Task item: From the listing below, restate word for word the lines from the line containing "活动尾声,在全体人员齐唱生日" down through the line containing "Silla de oficina". Exclude pictures.

Source material:
******************************

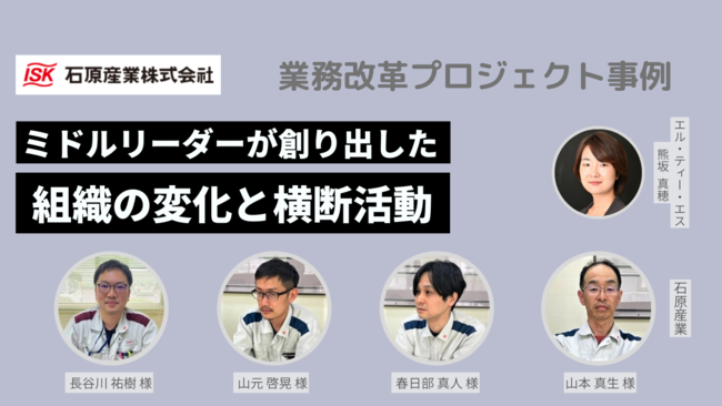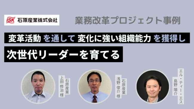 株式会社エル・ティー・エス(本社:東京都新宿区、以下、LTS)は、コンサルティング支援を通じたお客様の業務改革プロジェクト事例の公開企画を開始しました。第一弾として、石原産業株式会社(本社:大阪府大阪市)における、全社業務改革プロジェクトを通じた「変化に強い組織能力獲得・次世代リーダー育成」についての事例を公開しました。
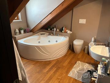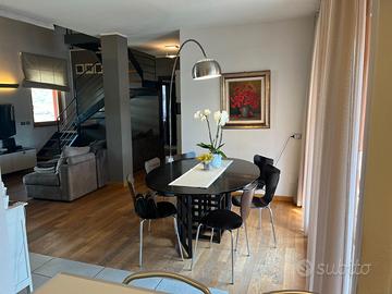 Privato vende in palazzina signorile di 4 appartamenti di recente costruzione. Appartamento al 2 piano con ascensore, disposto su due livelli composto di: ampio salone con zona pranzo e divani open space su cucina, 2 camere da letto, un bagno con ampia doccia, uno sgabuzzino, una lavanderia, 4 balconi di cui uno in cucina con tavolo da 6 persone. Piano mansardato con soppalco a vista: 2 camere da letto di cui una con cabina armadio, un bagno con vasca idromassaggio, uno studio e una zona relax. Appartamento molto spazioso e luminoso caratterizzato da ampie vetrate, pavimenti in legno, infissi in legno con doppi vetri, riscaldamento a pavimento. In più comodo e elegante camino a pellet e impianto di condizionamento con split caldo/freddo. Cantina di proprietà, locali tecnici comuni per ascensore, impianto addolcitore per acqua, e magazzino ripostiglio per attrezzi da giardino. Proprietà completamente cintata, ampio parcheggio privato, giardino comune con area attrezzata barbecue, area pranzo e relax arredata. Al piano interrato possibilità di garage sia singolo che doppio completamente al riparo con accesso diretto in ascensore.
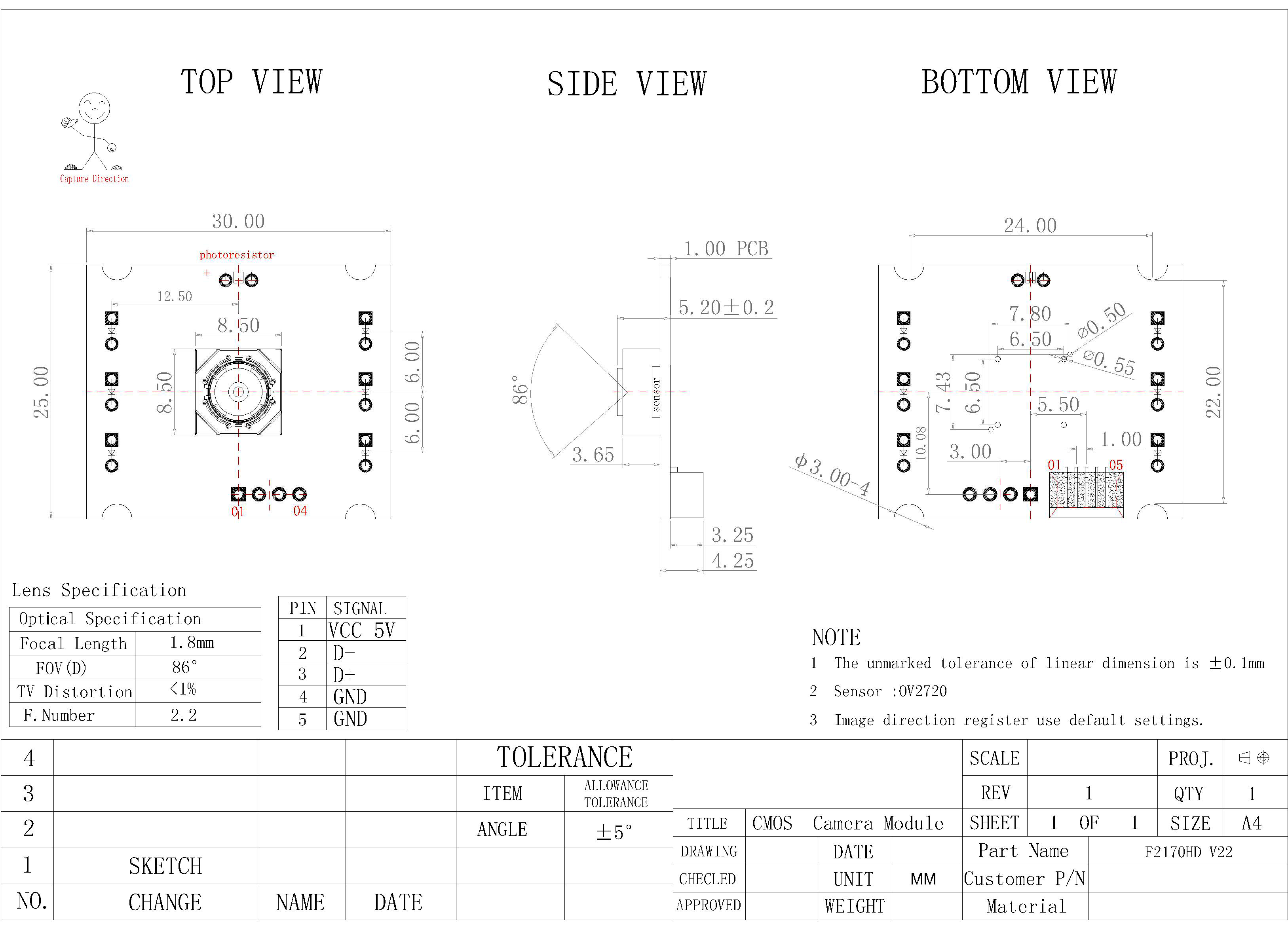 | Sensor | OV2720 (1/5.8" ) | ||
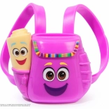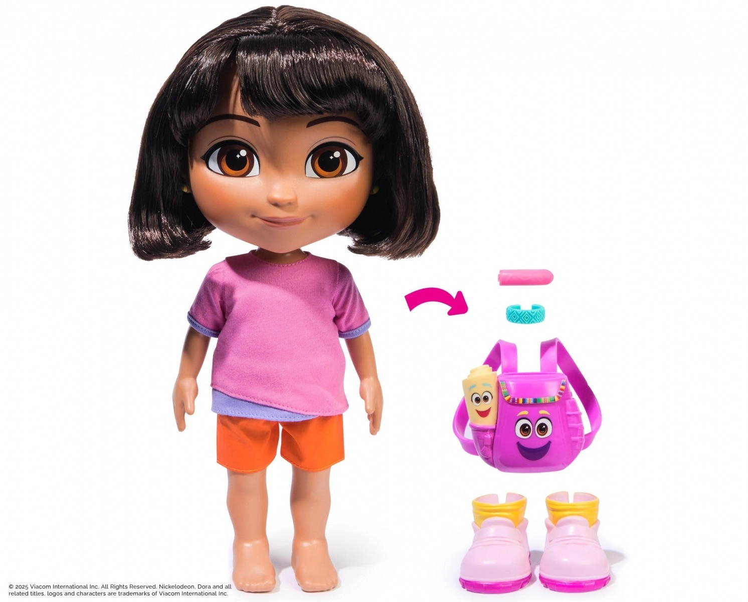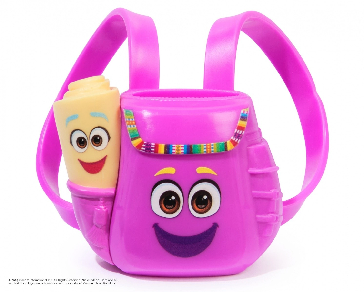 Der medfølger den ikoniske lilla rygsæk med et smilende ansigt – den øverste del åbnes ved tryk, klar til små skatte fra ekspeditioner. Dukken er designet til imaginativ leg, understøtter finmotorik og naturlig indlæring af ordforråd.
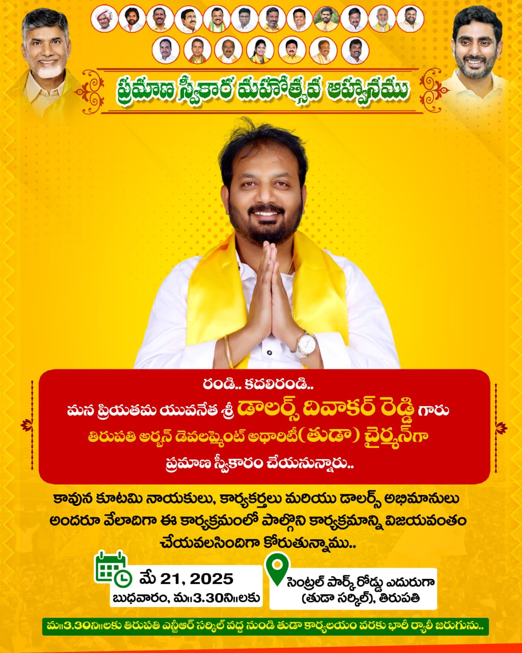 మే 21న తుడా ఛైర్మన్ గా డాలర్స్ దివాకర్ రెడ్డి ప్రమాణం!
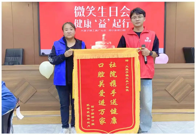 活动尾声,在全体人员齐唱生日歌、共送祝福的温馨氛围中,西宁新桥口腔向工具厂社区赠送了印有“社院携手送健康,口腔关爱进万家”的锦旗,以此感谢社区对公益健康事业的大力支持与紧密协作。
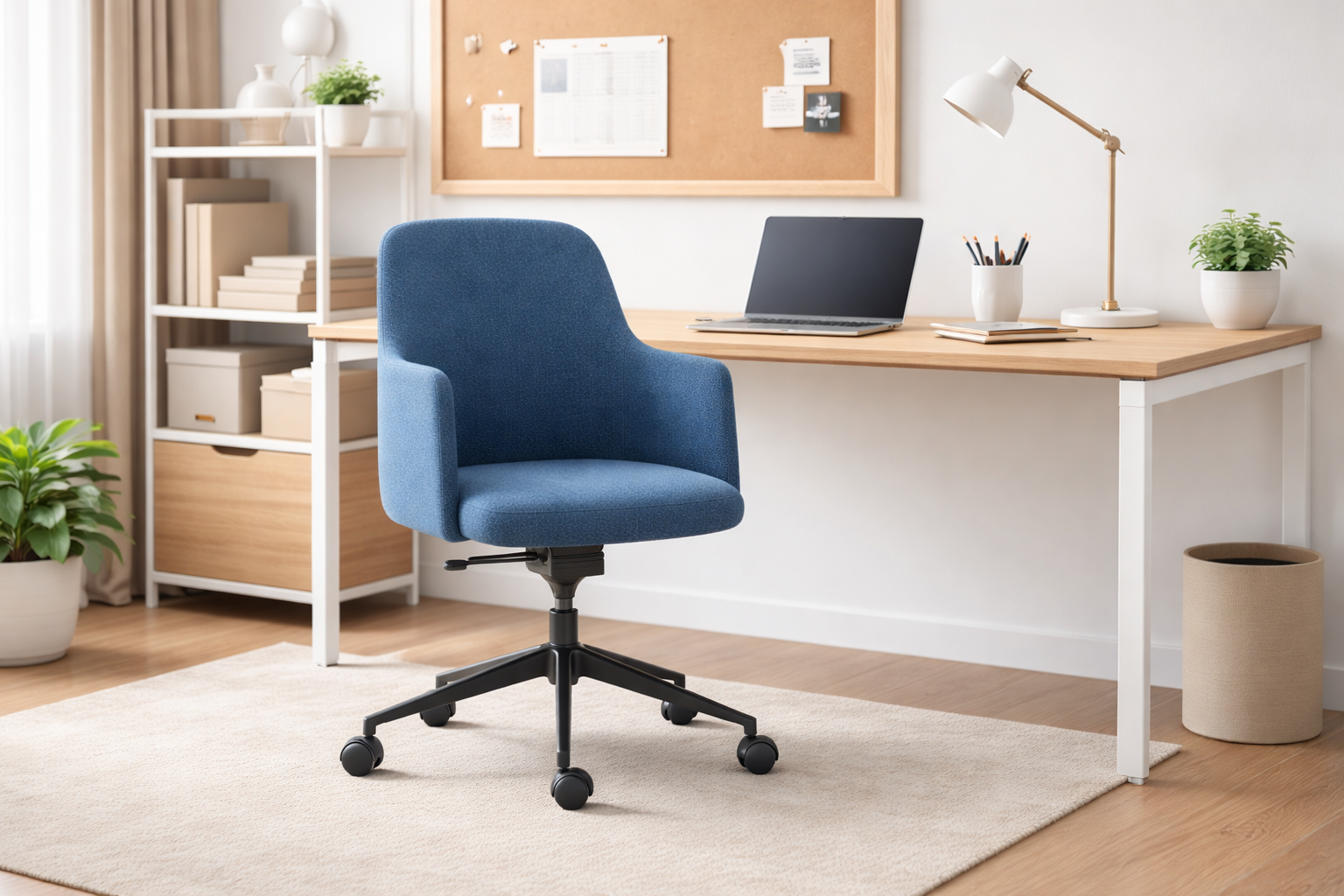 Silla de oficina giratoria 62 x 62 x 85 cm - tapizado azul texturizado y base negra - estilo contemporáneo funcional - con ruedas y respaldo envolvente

******************************

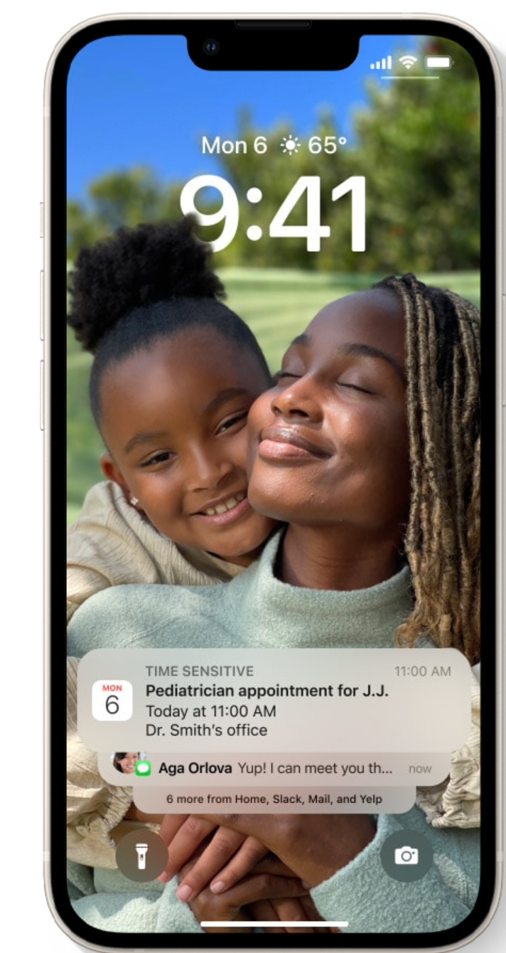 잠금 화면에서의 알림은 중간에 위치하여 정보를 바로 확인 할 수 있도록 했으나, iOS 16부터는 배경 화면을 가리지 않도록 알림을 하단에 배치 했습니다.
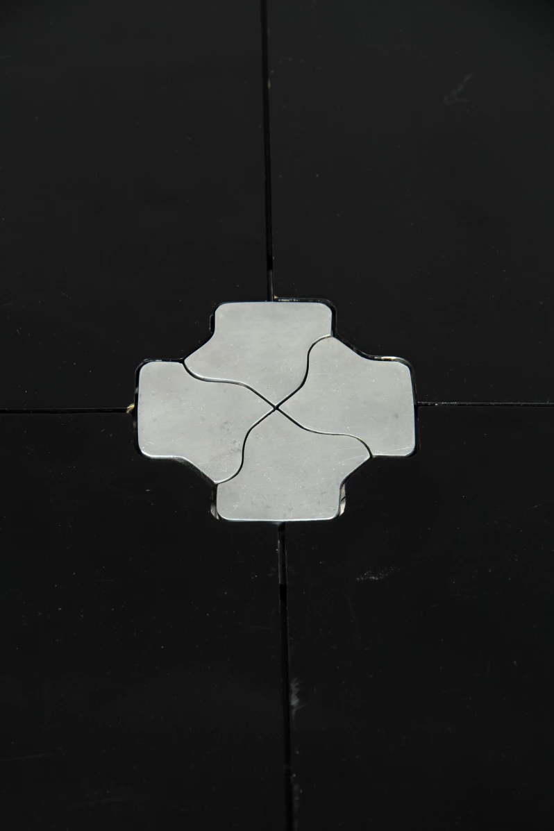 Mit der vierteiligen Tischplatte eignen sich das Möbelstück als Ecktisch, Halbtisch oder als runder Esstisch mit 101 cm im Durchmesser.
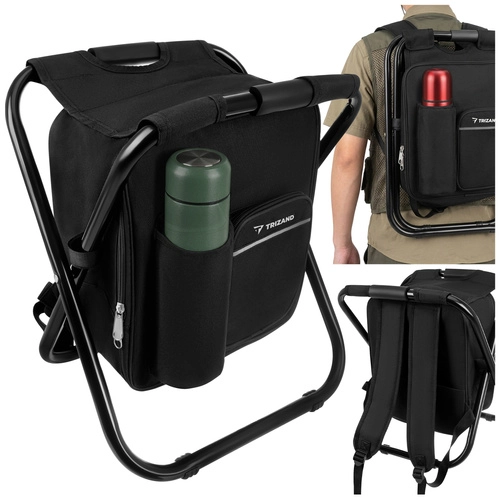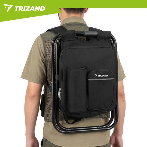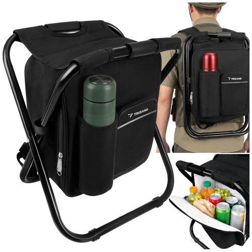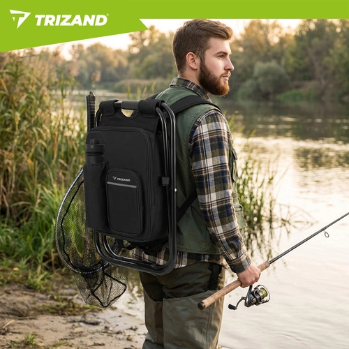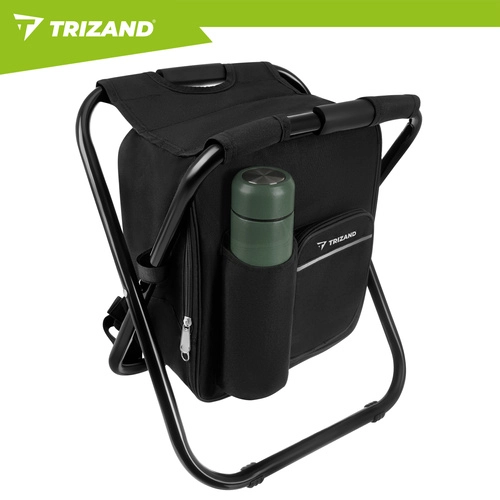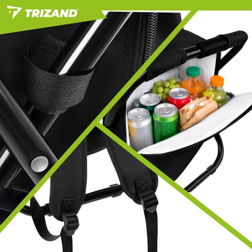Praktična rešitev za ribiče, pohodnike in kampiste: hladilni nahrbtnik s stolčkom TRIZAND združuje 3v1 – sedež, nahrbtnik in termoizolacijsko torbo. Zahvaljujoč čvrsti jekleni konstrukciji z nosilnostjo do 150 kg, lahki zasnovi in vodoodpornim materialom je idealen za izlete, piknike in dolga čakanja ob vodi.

******************************

Response to the task:
 活动尾声,在全体人员齐唱生日歌、共送祝福的温馨氛围中,西宁新桥口腔向工具厂社区赠送了印有“社院携手送健康,口腔关爱进万家”的锦旗,以此感谢社区对公益健康事业的大力支持与紧密协作。
 Silla de oficina giratoria 62 x 62 x 85 cm - tapizado azul texturizado y base negra - estilo contemporáneo funcional - con ruedas y respaldo envolvente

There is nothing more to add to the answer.